If you want to know the detailed codon usage information for the highly expressed and all genes, you can run the function op_highly_stats in the package. The optimal codons are defined as codons significantly enriched in the highly expressed genes compared to the lowly expressed genes, or other set of reference genes. The function calculate the optimal codon list with p-values, thus user could have a general idea of which codons were preferred by selection in the genome.

The argument high_cds_file should specific the path for the highly expressed gene dataset. It is up to the users how to define which dataset of highly expressed genes. Some studies use the expression data, or Nc value to divide genes into highly/lowly sets. Other studies use a specific dataset, such as only including the very highly expressed genes (ribosomal genes).

The argument ref_cds_file should specific the path for the lowly expressed gene dataset, or any appropriate dataset. In Sharp PM paper (Forces that influence the evolution of codon bias), he used the all gene data set as neutral reference to infer codons used significantly in highly expressed genes.

The argument p_cutoff set the cutoff for p values in the chi.square test. Only codons are significantly enriched in the highly expressed genes are marked with + symbol in the ouotput tables. The codons are significantly lower presented in the highly expressed genes are marked with - symbol. The codons are not significantly differently presented compared to the reference dataset are marked with NA symbol.

The function also output the rscu value for the high expressed dataset and reference dataset, actual and expected number of codons, the p value of chi.square test.

2.7 low_frequency_op

low_frequency_op(high_cds_file=NULL,genomic_cds_file=NULL,p_cutoff=0.01)

The function low_frequency_op identify the low frequency optimal codons. Based on the previous study (Sun Y et al. Switches in genomic GC content drives shifts of optimal codons under sustained selection on synonymous sites. Genome Biol Evol. 2016 Aug 18.), in some species, the optimal codons identified by the op_highly function has bit strange patterns: the optimal codons do have lower prequency than the non-optimal codons. It occurs most in the mutation-shifting species such as G. vaginalis. The function can identify these low frequency optimal codons.

The function first calculated all the optimal codons statistics by the function op_highly_stats in the package, then tried to find the low frequency optimal codons with the following settings: 1) it has to be an optimal codon 2) The RSCU value for the optimal codon is lower than 0.7 (this is the quite arbitrary setting) 3) the RSCU value for the optimal codon is lower than the corresponding non-optimal codons, which has the same first two nucleotide as the optimal codon but the third position experience the point mutation transition. With this detailed filters, we can identify the low frequency optimal codons in the given genome.

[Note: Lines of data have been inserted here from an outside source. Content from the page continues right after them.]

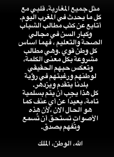 Nayef Aguerd a publié un message sur son compte Instagram pour exprimer sa solidarité avec les jeunes qui manifestent actuellement pour réclamer une réforme des secteurs de l’Education et de la Santé.
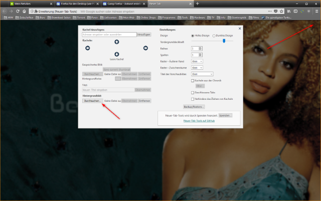 (https://addons.mozilla.org/de/firefox/addon/new-tab-tools/)Damit kannst du jedes beliebige Bild als Hintergrund einbinden.
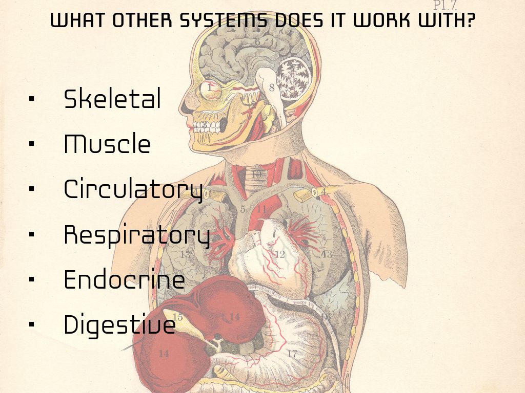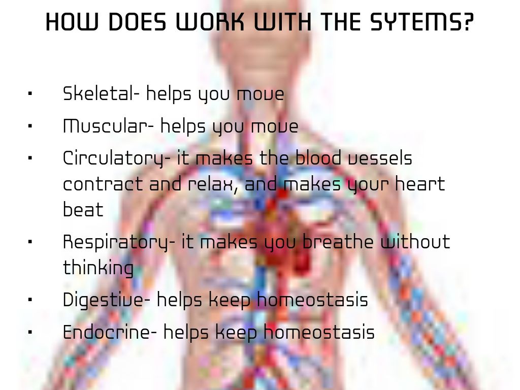 Circulatory- it makes the blood vessels contract and relax, and makes your heart beat
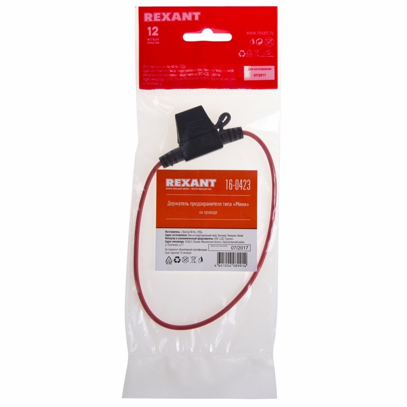 Держатель на проводе REXANT предназначен для фиксации флажкового предохранителя типа Мини и его защиты от внешних физических воздействий. Изделие также применяется для защиты электрической цепи и ее элементов от скачков напряжения, перегрева и возгорания.

The argument high_cds_file should specific the path for the highly expressed gene dataset. It is up to the users how to define which dataset of highly expressed genes. Some studies use the expression data, or Nc value to divide genes into highly/lowly sets. Other studies use a specific dataset, such as only including the very highly expressed genes (ribosomal genes). In the example, I used the ribosomal genes as the representative for the highly expressed genes.

The arguments, genomic_cds_file, is used to calculate the optimal codons and statistics for highly and all genes.

Same as the op_highly and op_highly_stats, the p value cutoff was set as 0.01.

2.8 s_index

s_index(high_cds_file = NULL, genomic_cds_file = NULL, gc3 = NULL)

The function calculate the s index based on Paul Sharp's method. The method take into account of background mutation rate (in the program, two arguments genomic_cds_file and gc3, are input to calculate the mutation rate), and focus only on codons with universal translational advantages in all bacterial species (in the program, one argument high_cds_file, is input to calculate these codons). Thus the s index can be used to quantify the strength of translational selection and is comparable among different species.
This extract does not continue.